"Ditta recupero salme", dico al pompiere che apre la porta.
Entriamo, e ci lasciamo guidare in cucina. Il cadavere penzola dal lampadario, oscillando
in modo impercettibile. I pompieri partono con la solfa dei dati personali della salma:
nome, cognome, data di nascita. Quello che ha aperto la porta dice "era solo al
mondo, non aveva parenti" e mi fissa. Si aspetta che io dica "meno male". E
poi lo dico: "meno male", così lui può annuire rasserenato.
Come sempre, il capo si siede a leggere la gazzetta, mentre a me e Pato tocca il lavoro
sporco. Ci mettiamo d'accordo: io sollevo il corpo; lui slega la cintura.

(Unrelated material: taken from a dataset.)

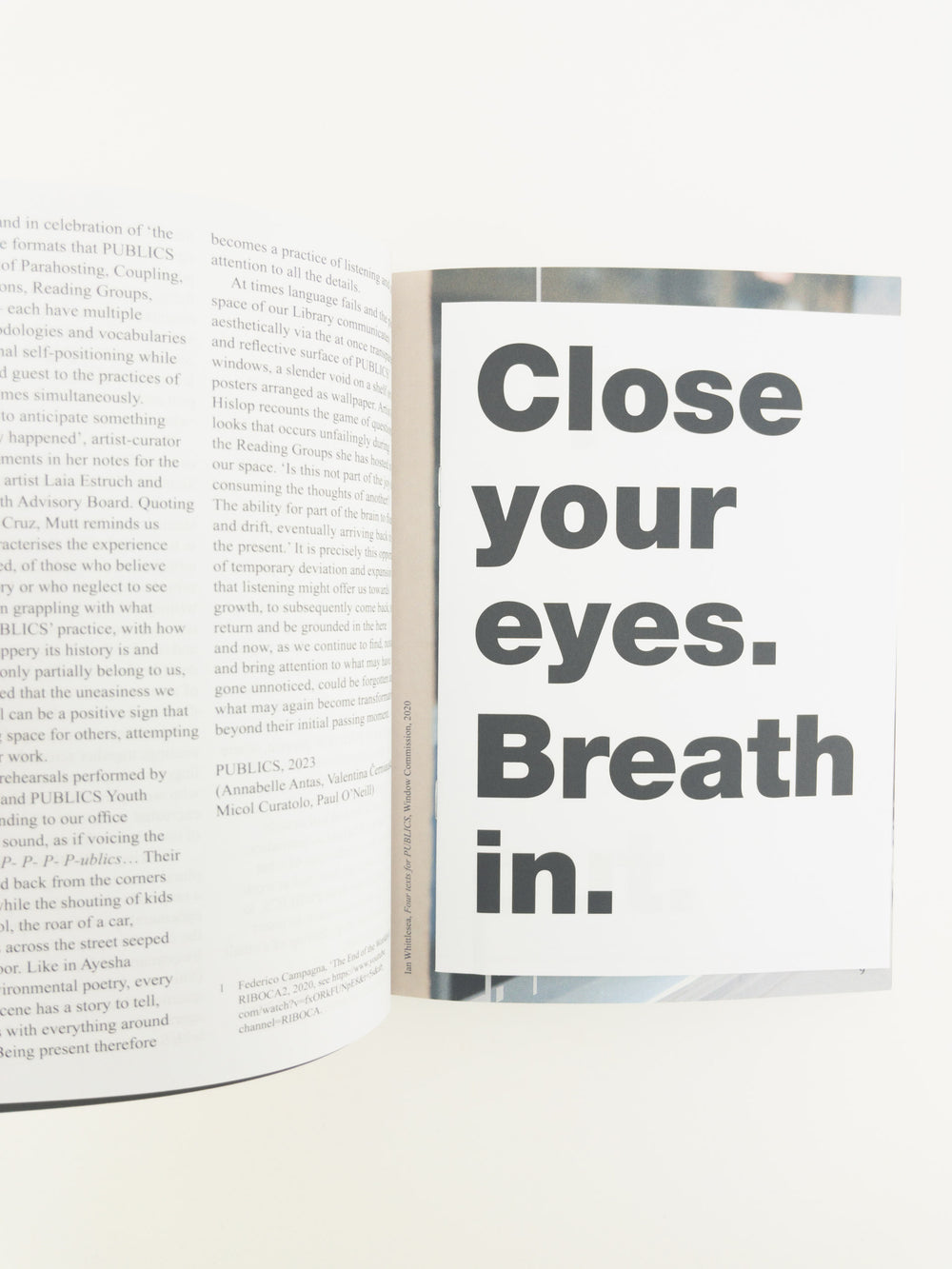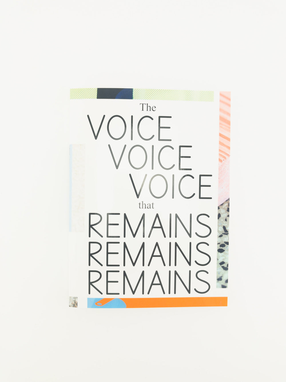 The Voice that Remains is a kind of retrospective; a looking back at material, digital and archival traces left behind within the physical and situated space of PUBLICS, and in the bodies, voices and memories of those who have worked with us in the past years. Each photo, mark and word collected in these pages reflects a collective happening and the labour undertaken to bring a work of art or a piece of research into PUBLICS to be shared with others. The Voice that Remains is a snapshot of PUBLICS’ present, where we, who have only recently come to be part of its making, have gathered some of the traces of its programme, keepsakes and leftovers of the last half decade or so. What’s left behind as reminders, remainders or rememberings of what once was, is what we have had to work with – to learn how to be PUBLICS, to decide on how to move next, to insert ourselves into the shapeshifting of a small cultural organisation.

Do un'occhiata al suicida. Ha la pancia gonfia e tonda, come se avesse ingoiato un pallone
da basket. La faccia è rossa, scura; la bocca socchiusa. Lo abbraccio frontalmente e,
facendo leva sul suo sedere, lo sollevo. Succede una cosa, però. Sento il pallone da
basket sgonfiarsi contro il mio petto, e contemporaneamente un fiotto d'aria fetida esce
dalla bocca del cadavere, investendomi.
"Cazzo hai mangiato?" penso. Ma non lo dico, perché nello stesso istante gli
occhi della salma si aprono. Urlo "MA CHE CAZZO!", e lo lascio andare di colpo.
La cintura, che Pato non ha fatto in tempo a slegare, si tende nuovamente così che il
corpo, ricadendo, scarichi tutto il peso sul collo. Gli occhi del tizio mostrano il
bianco, mentre una noce viene schiacciata in qualche punto vicino la sua nuca. Delle
briciole di intonaco mi piovono sui capelli.
"Che cavolo combini?", dice Pato.
Il capo abbassa la gazzetta e mi guarda da sopra le lenti. "Tutto a posto?"
chiede.
Dico "sì, sì, tutto a posto".
"Ok, riproviamo", dice Pato.
Riabbraccio la salma e la sollevo. Dico "Oo-hissa" come un bravo boy scout:
questa volta non ci saranno sorprese.